Introducing sp_BlitzQueryStore

Last Updated 6 years ago

Execution Plans, First Responder Kit, Query Store (QDS), sp_BlitzQueryStore

Oh, so you’re the one

While SQL Server 2016 adoption is still pretty low, and 2017 still quite isn’t out yet, that’s no reason to not invest a few days of dev time into a stored procedure that is only usable by the smallest portion of SQL Server users. Right?

Look, someone around here has to be future-proofing things.

With that in mind

I set out to write a stored procedure that does for Query Store (BOL) what sp_BlitzCache does for the plan cache, but with a new approach. sp_BlitzCache is glorious, don’t get me wrong! You ask it a question by giving it a sort order, and it gives you all the stuff in your plan cache ordered by that metric.

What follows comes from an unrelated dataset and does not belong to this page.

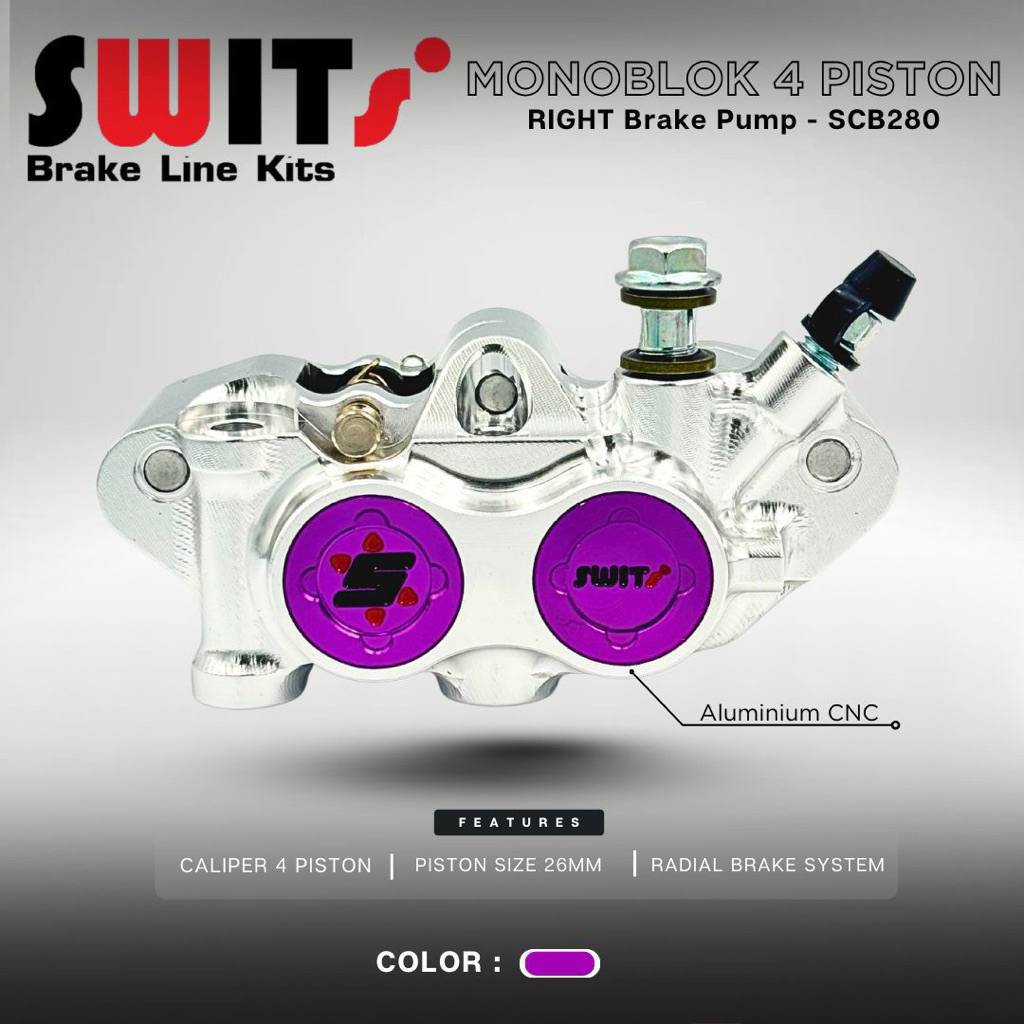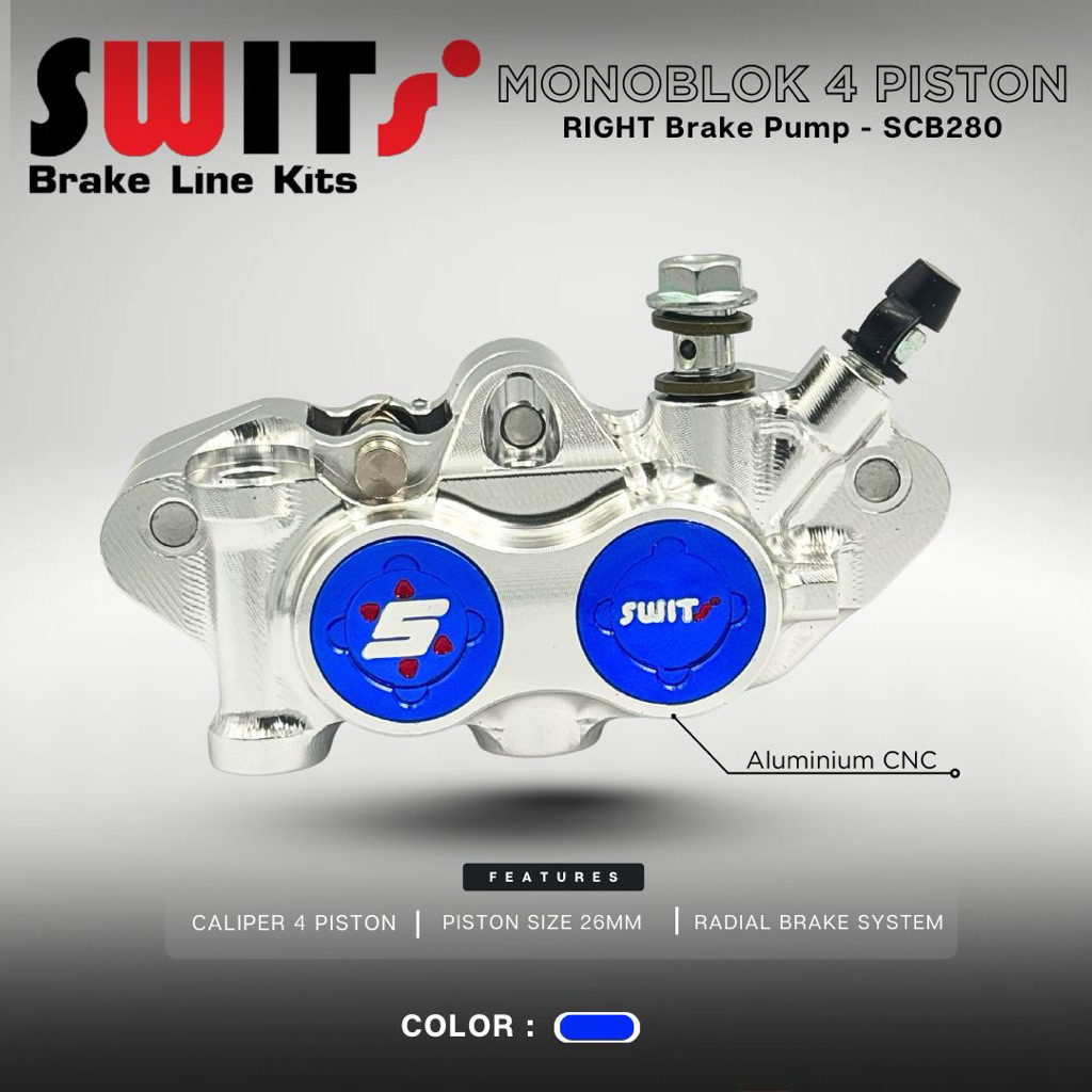 KALIPER SWITS MONOBLOK 4 PISTON KANAN UNIVERSAL MIO NMAX PCX AEROX XEON VIXION JUPITER MX RX KING VIXION DLL

But, the plan cache is a fickle flower. Prone to clearing for various reasons, and often riddled with inconsequential items. I’m not saying Query Store isn’t also riddled with inconsequential items, but we can hopefully just do a bit more to avoid them.

I also didn’t want to reinvent the wheel – after all, there’s a GUI for Query Store. It has built in reports. I don’t wanna rewrite someone else’s query and dump it into a table and blah blah blah. That’s not fun for me, and it’s not helpful to you.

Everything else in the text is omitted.